Please set down exactly the lines of the listing below from the line containing "(2)進深方向,保證各類家具擺放后活動空間,最小進深尺寸在3600mm;" through the line containing "The Lyntium Faucet", both lines included, leaving out all other lines.

**The data**
^^^^^^^^^^^^^^^^

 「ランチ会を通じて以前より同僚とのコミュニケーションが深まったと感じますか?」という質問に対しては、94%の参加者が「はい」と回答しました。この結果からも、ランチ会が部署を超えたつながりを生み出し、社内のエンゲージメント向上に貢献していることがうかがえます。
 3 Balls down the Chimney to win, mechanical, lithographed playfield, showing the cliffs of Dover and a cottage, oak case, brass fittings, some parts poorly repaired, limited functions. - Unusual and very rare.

^^^^^^^^^^^^^^^^

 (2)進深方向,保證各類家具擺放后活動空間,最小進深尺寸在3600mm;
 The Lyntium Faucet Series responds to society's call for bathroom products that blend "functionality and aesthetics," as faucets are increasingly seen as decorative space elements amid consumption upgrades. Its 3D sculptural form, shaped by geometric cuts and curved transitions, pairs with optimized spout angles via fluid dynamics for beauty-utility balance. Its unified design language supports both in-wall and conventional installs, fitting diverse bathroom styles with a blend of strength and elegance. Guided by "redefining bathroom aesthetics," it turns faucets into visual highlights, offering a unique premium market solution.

^^^^^^^^^^^^^^^^

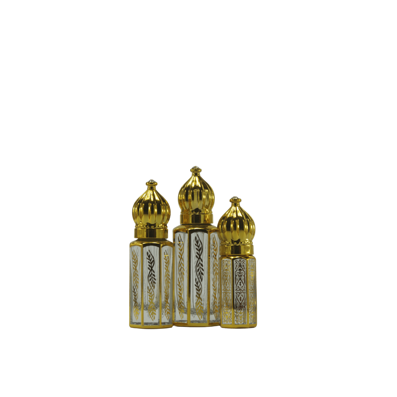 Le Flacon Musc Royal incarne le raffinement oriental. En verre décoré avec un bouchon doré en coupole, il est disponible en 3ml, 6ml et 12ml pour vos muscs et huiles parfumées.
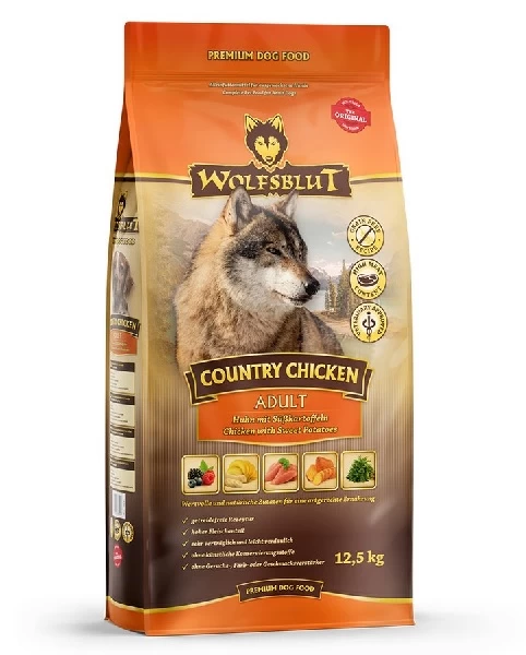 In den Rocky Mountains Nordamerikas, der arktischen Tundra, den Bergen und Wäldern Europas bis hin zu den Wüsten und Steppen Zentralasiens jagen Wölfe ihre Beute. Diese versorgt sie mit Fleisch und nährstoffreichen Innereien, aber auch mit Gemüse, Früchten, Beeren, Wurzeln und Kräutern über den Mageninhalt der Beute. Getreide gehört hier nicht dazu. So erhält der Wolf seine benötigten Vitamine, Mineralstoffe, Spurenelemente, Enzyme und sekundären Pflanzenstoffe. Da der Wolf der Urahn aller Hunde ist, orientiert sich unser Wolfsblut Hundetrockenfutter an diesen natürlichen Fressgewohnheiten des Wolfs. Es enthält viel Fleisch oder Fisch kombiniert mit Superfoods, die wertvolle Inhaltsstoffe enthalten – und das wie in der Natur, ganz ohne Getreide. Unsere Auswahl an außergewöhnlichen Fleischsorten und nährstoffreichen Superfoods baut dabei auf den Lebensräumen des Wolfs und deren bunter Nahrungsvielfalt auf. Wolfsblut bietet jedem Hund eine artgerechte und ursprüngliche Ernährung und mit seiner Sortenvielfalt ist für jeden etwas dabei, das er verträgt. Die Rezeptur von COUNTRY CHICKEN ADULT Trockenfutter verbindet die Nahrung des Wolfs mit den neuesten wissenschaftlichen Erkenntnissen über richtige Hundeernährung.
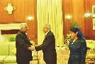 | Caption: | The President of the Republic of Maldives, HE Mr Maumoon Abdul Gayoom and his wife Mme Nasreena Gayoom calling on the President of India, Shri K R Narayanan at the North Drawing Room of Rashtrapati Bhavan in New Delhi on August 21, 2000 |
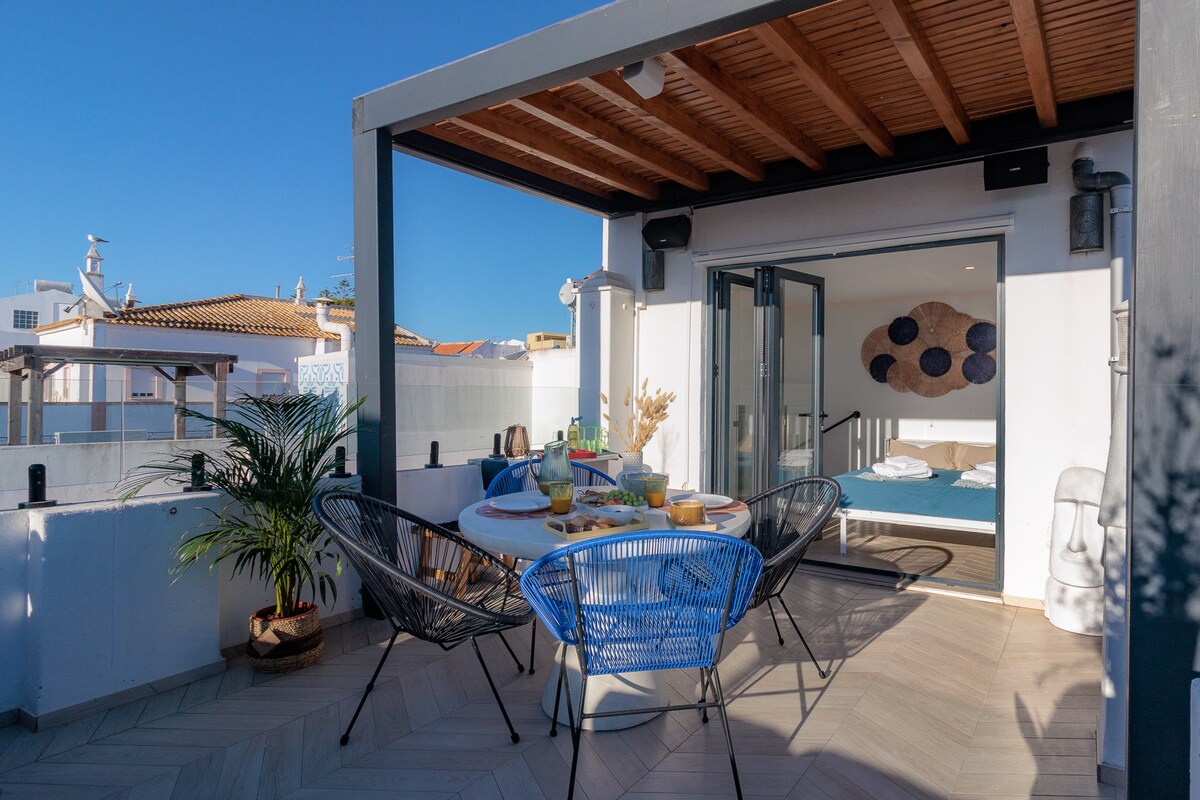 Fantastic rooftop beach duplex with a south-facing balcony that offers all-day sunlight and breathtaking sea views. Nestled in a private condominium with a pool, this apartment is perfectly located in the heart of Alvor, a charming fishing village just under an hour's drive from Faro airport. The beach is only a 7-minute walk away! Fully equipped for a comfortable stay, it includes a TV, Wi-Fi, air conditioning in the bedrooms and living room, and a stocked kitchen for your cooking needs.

^^^^^^^^^^^^^^^^

**Solution below**
 (2)進深方向,保證各類家具擺放后活動空間,最小進深尺寸在3600mm;
 The Lyntium Faucet Series responds to society's call for bathroom products that blend "functionality and aesthetics," as faucets are increasingly seen as decorative space elements amid consumption upgrades. Its 3D sculptural form, shaped by geometric cuts and curved transitions, pairs with optimized spout angles via fluid dynamics for beauty-utility balance. Its unified design language supports both in-wall and conventional installs, fitting diverse bathroom styles with a blend of strength and elegance. Guided by "redefining bathroom aesthetics," it turns faucets into visual highlights, offering a unique premium market solution.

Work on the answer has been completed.